Sensational She-Hulk #16: A Dude Ranch, an Origin and Some Other Stuff

Sensational She-Hulk #16
“The Lowbrow Hunters”
Writer: Steve Gerber
Penciler: Bryan Hitch
Inker: Jim Sanders III
Letterer: Jim Novak
Colorist: Glynis Oliver
Editor: Bobbie Chase
Editor-in-Chief: Tom DeFalco
Cover: Dale Keown and Ernie Colon
Released: April 3, 1990

This issue opens with a dramatic description of Jennifer Walters' transformation into a much more savage, and gray, She-Hulk. But it's quickly interrupted by a round of applause from Jen's unexpected audience, the teenagers who took shelter in Bruce Banner's old Hulk-proof bunker to hide their secret warts. Soon, She-Hulk is threatening to smash and crush the “puny humans” for putting her in there – not to mention sue them for wrongful imprisonment, confirming that her litigious alter ego is still in there somewhere and Steve Gerber is still writing this comic.

The trio escape with the combined power of the youngsters' gamma-induced warts* and She-Hulk's gamma-spawned strength. She-Hulk is particularly intent on smashing Wilcox and Louise (Howard seems to have gotten a pass), and the kids suggest they might be at the nearby Gamma Ray Dude Ranch and Spa. It's kind of like the Vista Verde town on the “Hulk and the Agents of S.M.A.S.H.” cartoon, but more cynical.

She-Hulk smashes her way through the tourist trap, only to be overcome by the steam from the natural hot spring baths. She falls into one and comes out looking and sounding more like her old self, but still gray instead of green. Wilcox theorizes the residual gamma radiation triggered this new mutation.

That's followed by a montage of Dr. Angst reuniting his Band of the Bland, giving us an update on the circa 1990 statuses of Sitting Bullseye, the Black Hole, the Spanker and Tillie the Hun.

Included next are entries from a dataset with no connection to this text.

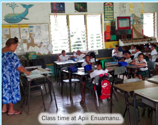
Class time at Apiti Enuamanu.

school year. New to the student information system, staff at Apiti Mauke were taken through the basics of Edge ensuring they can log in, take attendance and make note of shortcut widgets and school announcements.
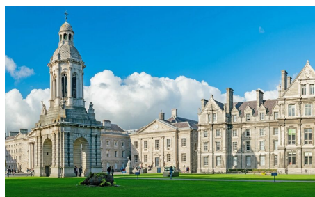
Trinity College, Dublin, Ireland
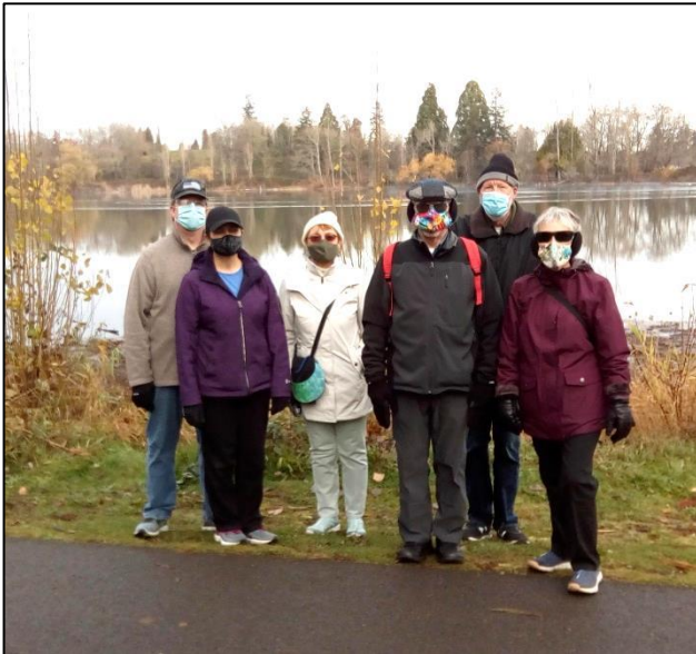
Left: Ft. Steilacoom December
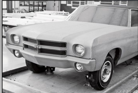
1970 Chevelle Prototype
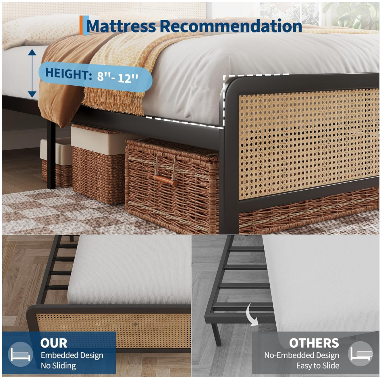
Image: Mattress recommendation and embedded design to prevent mattress sliding.
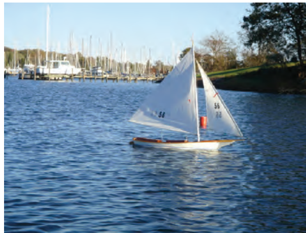
OR ENJOY A RELAXING SAIL
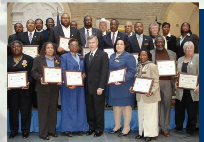
First institute graduating class with U.S. Department of Agriculture Secretary, The Honorable Mike Johanns.
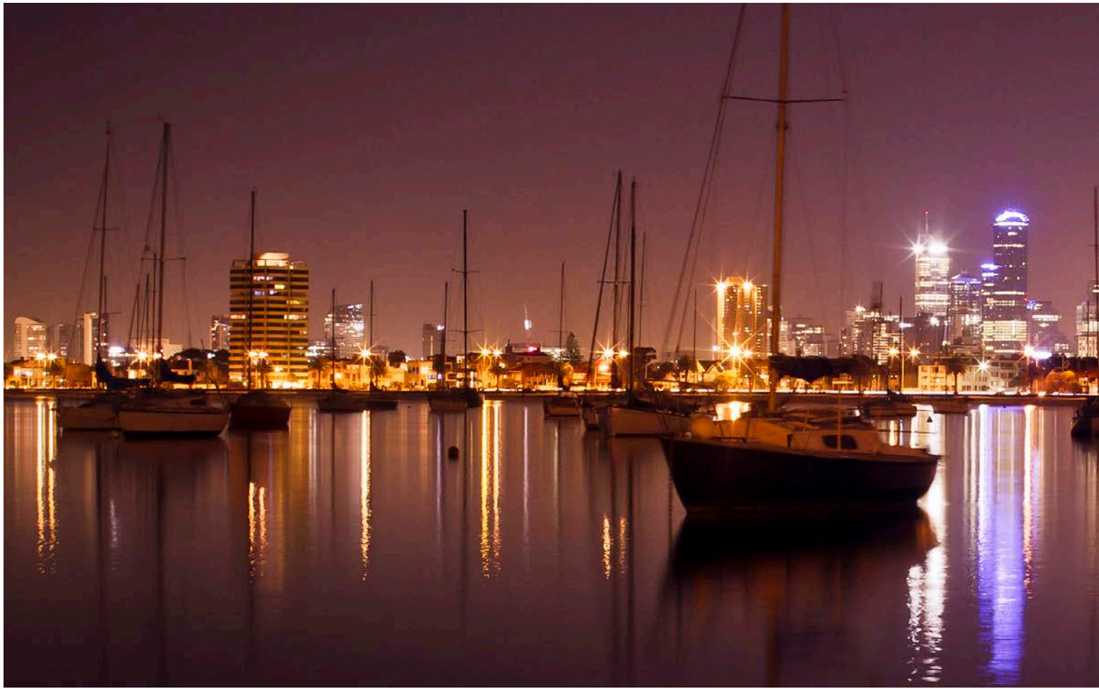
1 Melbourne Skyline from St. Kilda Pier, Victoria | S 37° 51' 53" E 144° 58' 01" | 0 msl

She-Hulk and company start to recognize what readers and the Critic have been seeing for two issues straight – they aren't following the plot. Howard describes the Critic and his oath of non-interference, which gets Jen thinking (correctly) about Watchers. While her traveling companions bicker, Jen turns on the radio and a convenient news broadcast informs them about more compacted universes falling to Earth, as well as a sighting of the Critic.

The latter occurred when he jumped from a mid-flight 747 in frustration. The Critic lands next to the rest home where the Terror resurfaced last issue and uses his powers to divine the man's origin. The Terror, aka Laslo Pevely, was rescued from a near-fatal car accident by a scientist whose dog had died while saving him from a runaway gorilla. To save Laslo's life, the scientist injected him with a serum derived from the dog's brain, just as two gangsters burst in. The presence of evil triggers Laslo's transformation into the Terror, complete with a vampire cape that disappears after he slaughters the criminals, just in time for the professor to die of a heart attack.


Before we can figure out where the Terror fits into all of this, She-Hulk's flying car plows right into one of the failed universes, where an array of bizarre creatures are hurtling through the air to their self-inflicted doom. As the Baloneyverse was built on lunch meat, this reality appears to revolve around suicide.

And on that cheery note...

This was the weirdest issue yet, full of absurd humor and a little darker than I expected. But Gerber's humor often has an edge, and he's not just cavalierly tossing this material around. The concept of the government trying to cover up the dangers of gamma bomb testing by selling the land as a cheap tourist attraction feels a little like low-hanging fruit, but Gerber's writing has a touch of weary sincerity to it, along with a dash of righteous anger.

We don't get much more clarity on exactly what Dr. Angst's big plan is, but the introduction, or re-introduction, of his villainous allies is entertaining. The Spanker is the real standout, with his Punisher parody trappings, all the way down to his real name: Fred Hovel.

Howard doesn't get as much page time as in the previous issues, but he still makes the most of it, verbally sparring with Louise while taking the air out of Wilcox's poor-lonely-me moping. Other than their tendency to be in comedic stories, I never really thought of Howard and She-Hulk as an obvious pairing, but her habit of charging into absurd adventures and Howard's pattern of stumbling into them makes me think their partnership could have lasted longer than four issues, at least under Gerber's guidance. But there's only one more to go.


* Which they developed after playing with gamma-mutated lizards, which may or may not be a reference to the Outcasts from the 320s-era Hulk issues.